Turned out, the breakers were mis-marked. The electrician didn't verify the way the breakers were labeled.


----------



## Mississippiplum (Sep 30, 2011)

I always check to make sure what im working on is turned off, last thing ya need is to flood or burn the area around you down.


----------



## beachplumber (Feb 7, 2010)

They,re calling u for a reason
Don,t assume they know


----------



## OldSchool (Jan 30, 2010)

I have melted more screw drivers than you can count....

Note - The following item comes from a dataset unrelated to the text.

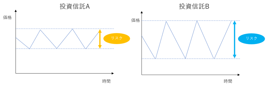投資信託Aと投資信託Bの価格変動を表しています。投資信託Aよりも投資信託Bの方が価格の変動幅が大きくなっています。この場合、有価証券Bの方が「リスクが高い」と判断します。

Even though the power is apparently turned off .. I always short out the wires with my screw driver... Lots of times it was still on.


----------



## Mississippiplum (Sep 30, 2011)

Always be careful with equipment with capacitors.


----------



## Epox (Sep 19, 2010)

I watched a ho turn off the breaker he installed himself. It was one of those timer switches so did'nt use the actual breaker in panel. I removed and replaced the wh and upon reconnecting wiring figured out the hard way the ground and one hot leg were crossed. Sheesh,,,,,, Like RW I use the screw driver touch now.


----------



## MikeS (Oct 3, 2011)

I carry a pocket sized non contact voltage detector. Only about 8 bucks at most hardware stores. No need to melt screwdrivers.


----------



## damnplumber (Jan 22, 2012)

I had to learn the hard way also


----------



## Redwood (Sep 8, 2008)

This will be the screwdriver I use....


----------



## Mississippiplum (Sep 30, 2011)

Redwood said:


> This will be the screwdriver I use....


I use a similar one made by greenlee

sent from the jobsite porta-potty


----------